Incredibly during our visit there was evidence of both the babies era and the old peoples home (although I suspect some of these items may have been brought in for effect recently).



These two images are from http://canadianbritishhomechildren.weebly.com/babies-castle---barnardos.html which is really worth a look, there are many more similar old photos here with some great history too.

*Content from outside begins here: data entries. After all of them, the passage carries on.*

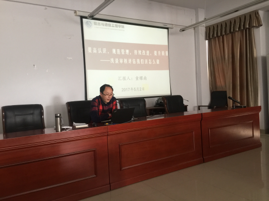 首先,常规本科教学分管负责人童耀南博士做了题为“提高认识,规范管理,持续改进,提升质量 ---- 浅谈审核评估我们该怎么做”的专题报告,他先从审核评估制度解释与概况、思想理念与要求、评估范围与特征、项目要素与说明等四个方面对本科教学工作审核评估方案进行了解读;接着就公司,教研室、实验室、教学办、行政办、学工办等二级机构,以及教师个人三个层面如何按照审核评估要求做好相关工作作了具体分析和安排;最后总结了公司本科教学和人才培养工作中还存在的主要问题,并提出了改进思路与措施。
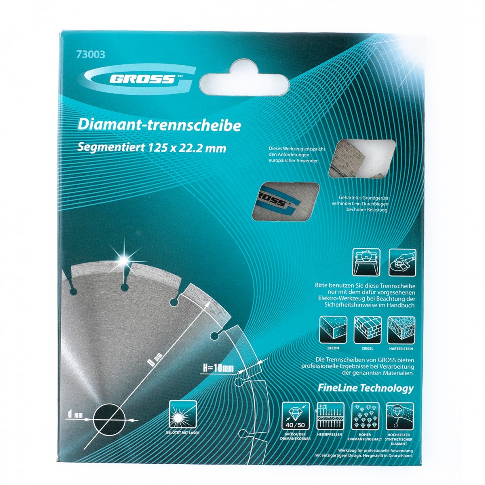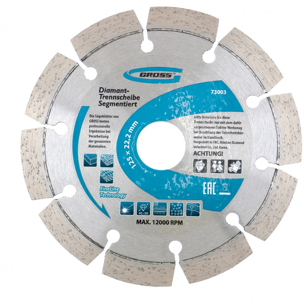 Алмазный диск размером 125 х 22,2 мм торговой марки GROSS предназначен для резки «сухим методом» (без использования охлаждающей жидкости) изделий из твердых материалов: бетона, мрамора, шлакоблоков и гранита.
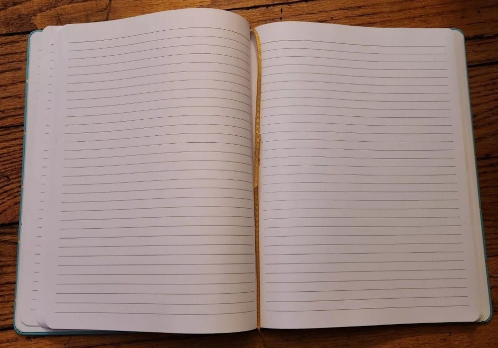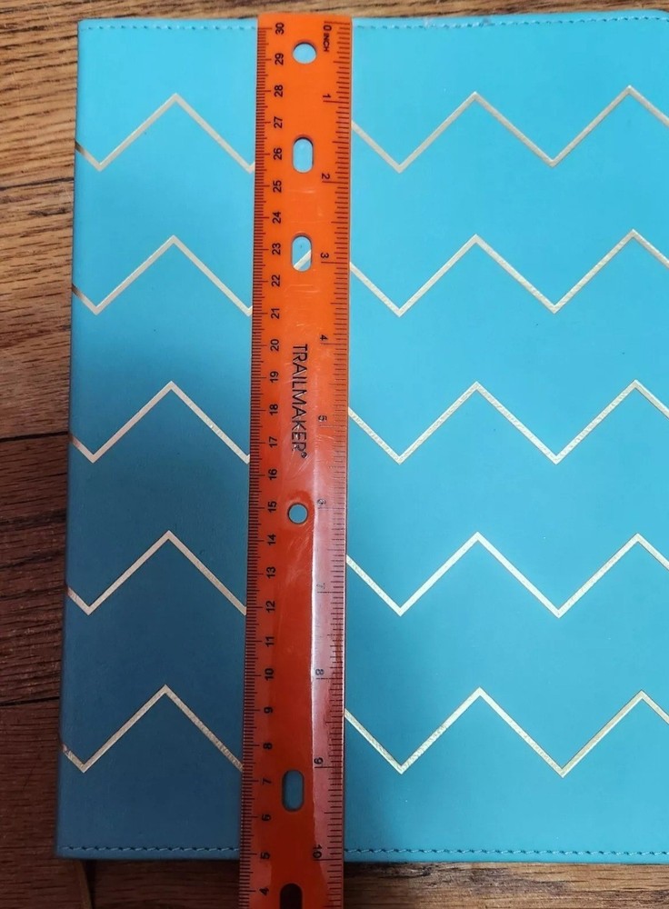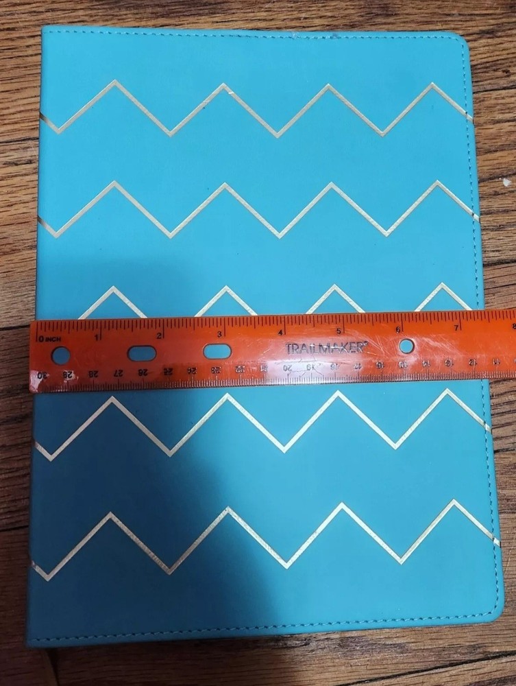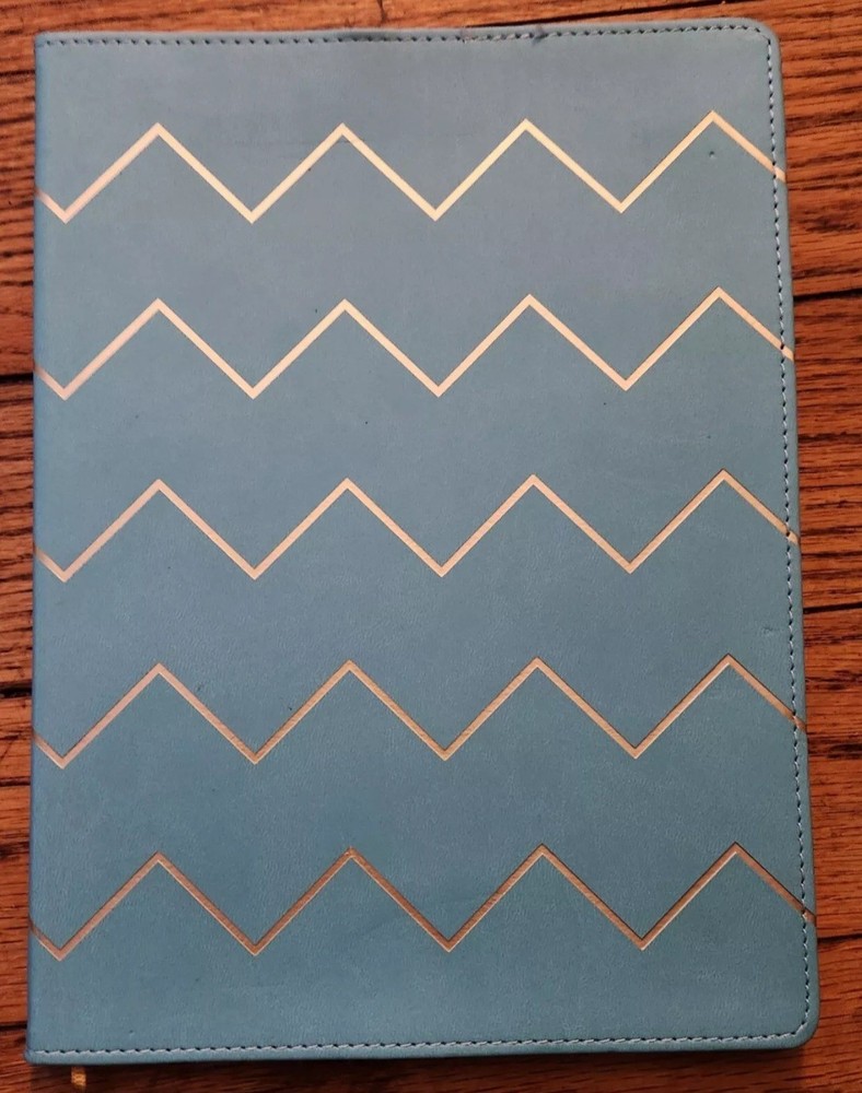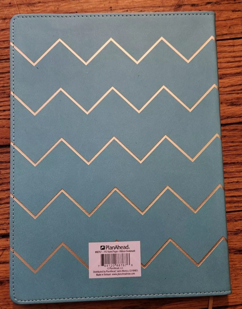 This vegan leather bound notebook is ideal for anyone in need of a stylish and functional journal. The book measures 10x7.5 inches and features a sky blue chevron pattern on the faux leather cover. The lined pages inside are perfect for jotting down notes, thoughts, and ideas.
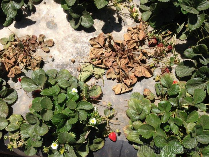 важливо! Багато нехтують обрізанням загиблих листя і вусів ремонтантной садової суниці, однак їх видалення як щит, який захищає рослини від патогенів, адже саме на хворий, старої листі і зимує інфекція.
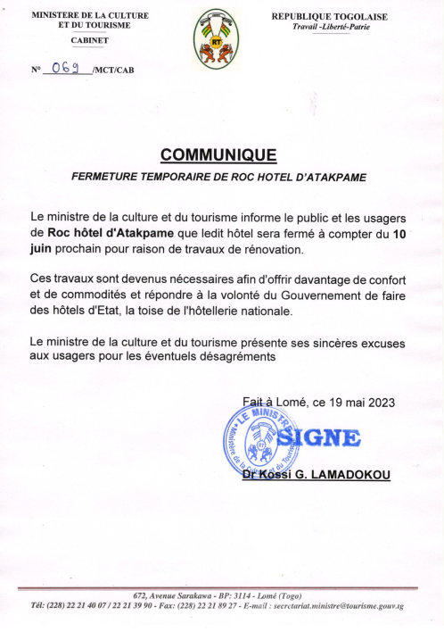 C’est ce qu’indique un communiqué signé du ministre de la Culture et du Tourisme, Dr Kossi Gbenyo Lamadokou, en date du 19 mai 2023.
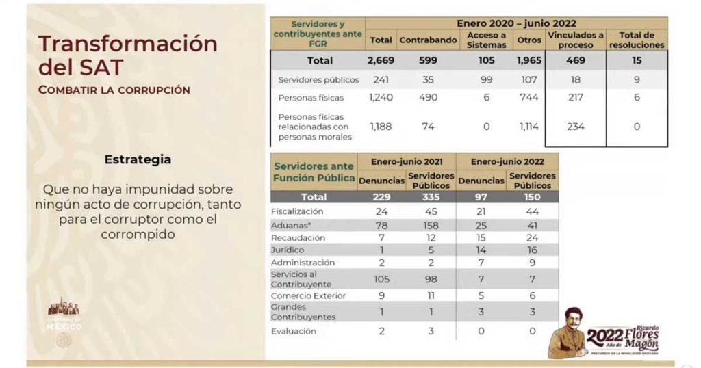 Durante la presentación del informe del SAT por 25 años, detalló que de estas denuncias, 599 son por contrabando y 105 por uso ilegal en el acceso a los sistemas. Ahondó que otras 326 corresponden a defraudaciones fiscales que provienen de empresas internacionales.

*My photos of our visit... (Visited with Abel101 and another non-member)*
























*I'm guessing this was a swimming pool once!*













*I have to say it's very sad to see the state of this building inside*









































































*Upstairs is very dangerous, lots of the floor is missing, and as per the other visits with Abel101 I was left to explore these places alone *











































*Nice big driers, probably used for drying the wet babies *

































*Ok, it might be a wreck and falling to bits, but it still looks lovely in places...*















*Thanks for looking​*
.


----------



## freespirits (Aug 16, 2012)

wow dude now thats a place full of memories ,,,great pics


----------



## UEP-Wales (Aug 16, 2012)

Fantastic shots there OMJ, such a shame it's in this state 

Cheers for sharing dude!


----------



## Ninja Kitten (Aug 16, 2012)

ha ha! love the baby dryer!


----------



## Ace247 (Aug 16, 2012)

Nice place, shame it's gone to ruin, looks like the copper bandits have been in.. 
Thanks for sharing!


----------



## TeeJF (Aug 16, 2012)

It's a grim place isn't it! Hope you didn't have a wee swalley in the pub over the road before tackling the first floor like I did! Bl**dy stupid of me frankly.

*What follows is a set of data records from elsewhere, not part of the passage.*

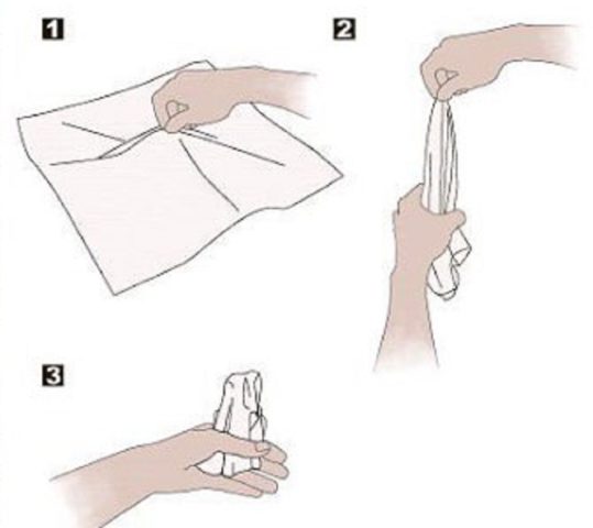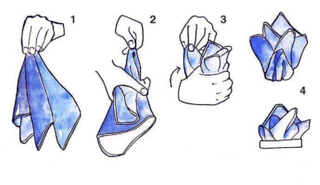 - Кърпичката се хваща от центъра на плата и се повдига така, че краищата й да висят свободно.
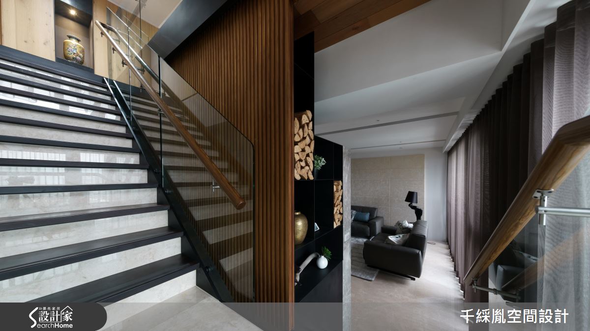 80 坪樓中樓為陸商屋主來台辦公時的居所,同時身兼招待所與員工宿舍,設計團隊以簡約卻富有質感的自然建材刻劃空間線條,營造大器時尚質調。
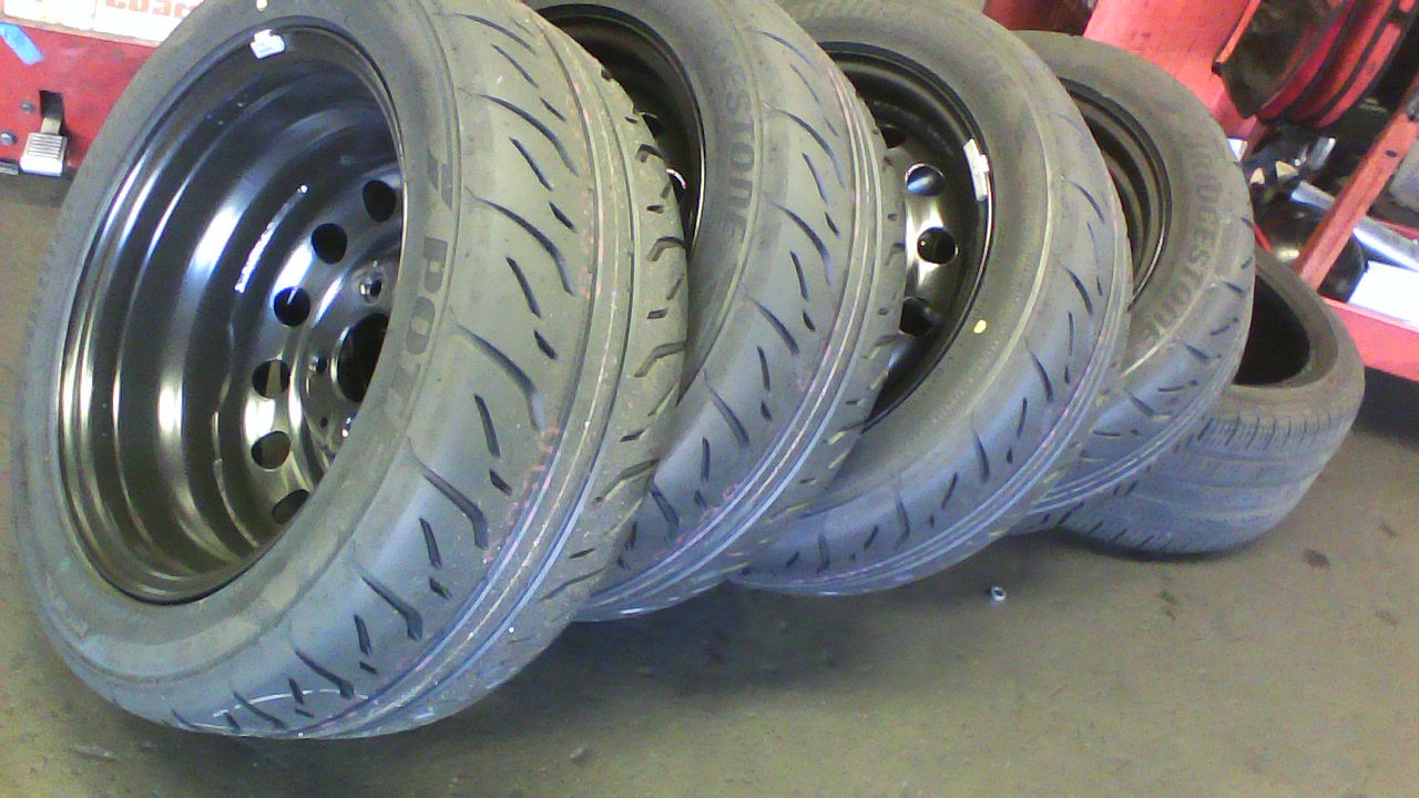 And the post man showed up with my new wheels and adaptors so I can put good name brand tires on my car.
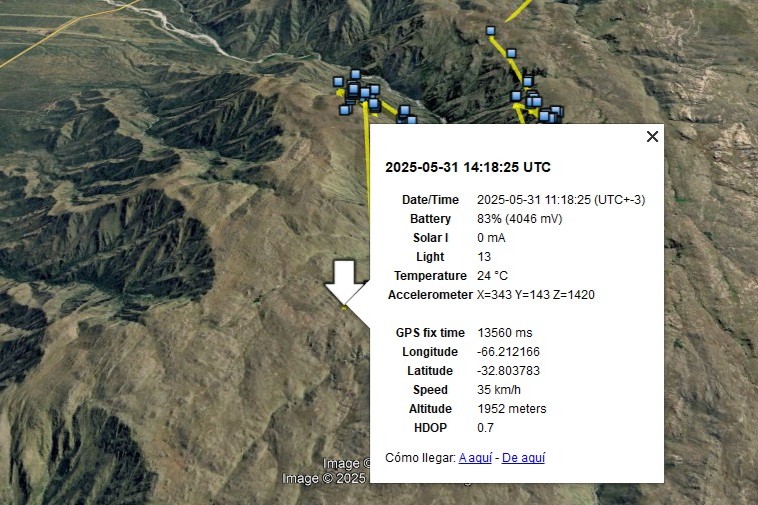 “Volo hacia el sur, a unos 9 Km del lugar de suelta. El último dato (flecha blanca) es de este sábado a las 11 de la mañana, iba volando a 35 Km/h a más de 1900 metros sobre el nivel del mar. Hermoso”, señaló Jácome.
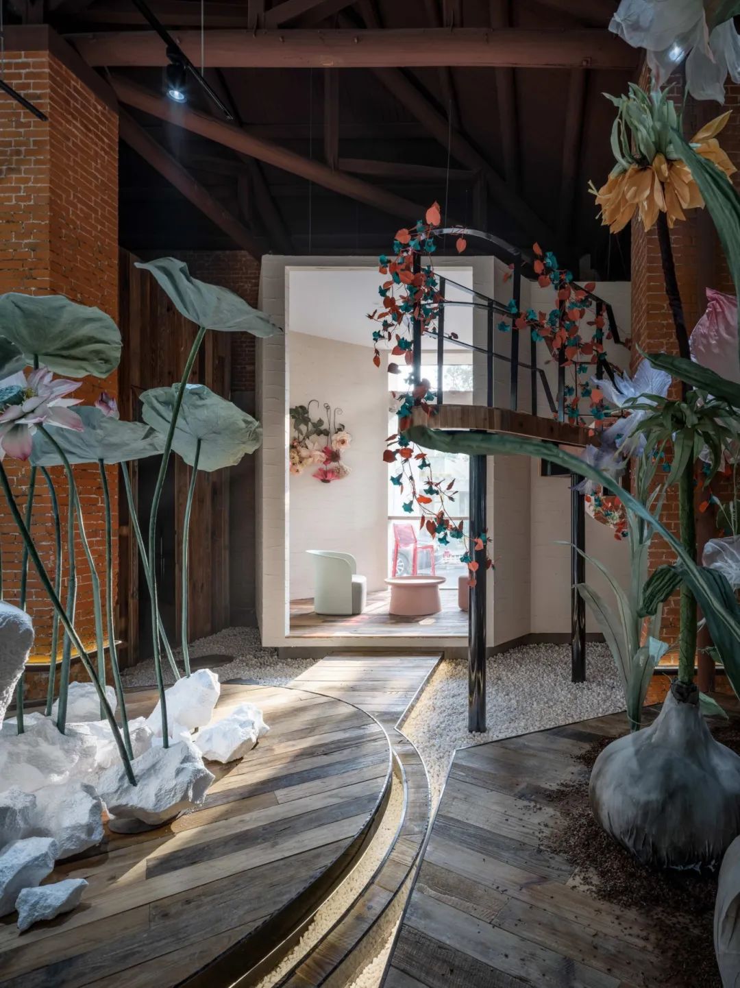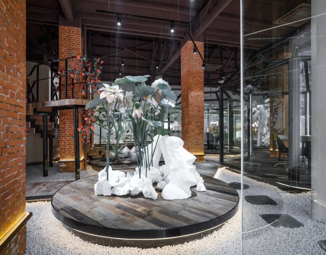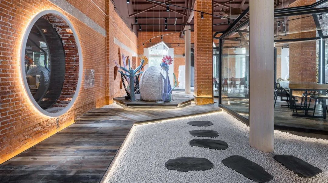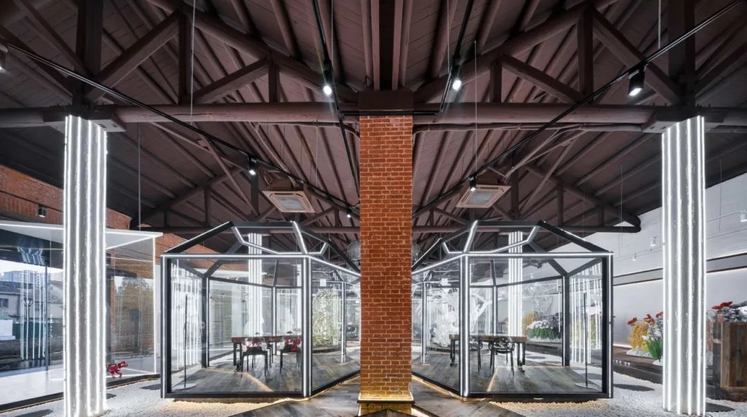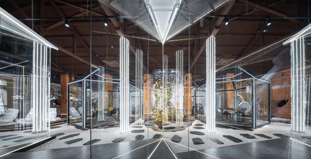 在空间中设置了多个自由变化的几何形态、内部建筑具有7.5m的高度,是整个上海独一无二的双顶连体结构,在视觉上将双顶结构空间统一为整体,也为艺术馆增添力量感,激发着人们的探索欲。

Are the death certificates and personal dociuments of some of the elderly peeps still in that outbuilding round the side? That was a bit naughty of them to leave stuff like that behind.

I like the historical pix you found, they're brilliant!

well done.


----------



## UE-OMJ (Aug 16, 2012)

TeeJF said:


> It's a grim place isn't it! Hope you didn't have a wee swalley in the pub over the road before tackling the first floor like I did! Bl**dy stupid of me frankly.
> 
> Are the death certificates and personal dociuments of some of the elderly peeps still in that outbuilding round the side? That was a bit naughty of them to leave stuff like that behind.
> 
> ...



No, didnt visit the pub first. I had heard about you doing that before going there 

No personal documents in the outbuilding that I saw, just a few books.

Cheers


----------



## abel101 (Aug 16, 2012)

Bout time too steve!
Got some better shots than I did here, so good job on those aswel, nice slice of history along with it too.
Glad I could be your tour guide 

"WIN....DOW"


----------



## flyboys90 (Aug 16, 2012)

Great looking site with lots of history,thanks for sharing.


----------



## Headflux (Aug 21, 2012)

How you got these shots I'll never know lol...


----------



## UE-OMJ (Aug 21, 2012)

Headflux said:


> How you got these shots I'll never know lol...



I snap everything, and sometimes I get lucky


----------



## PROJ3CTM4YH3M (Oct 26, 2012)

Nice report plenty of interesting stuff here. Loving the windows on the stairs shame theyve been smashed


----------



## skankypants (Oct 26, 2012)

Thanks for posting,what a intresting place....


----------



## UrbexMami (Oct 28, 2012)

Beautiful place, nice to see someone documenting it's decline 
Thank you x


----------



## shot_in_the_dark (Oct 29, 2012)

really interesting report, and love the picture of the stairs with those huge windows! 

thanks for sharing


----------



## Stealthstar79 (Oct 29, 2012)

I have never seen this place before thanks for sharing..
loving the old pics.


----------



## UrbexMami (Oct 29, 2012)

I had to have another look at these and a thought occurred to me. How many children were "saved" by this place? I wonder how many had a happy childhood?
It's sad, but I hope the place did provide a happy home to all they took in.


----------



## maxmix (Oct 29, 2012)

Some great atmospheric shots, thanks for sharing


----------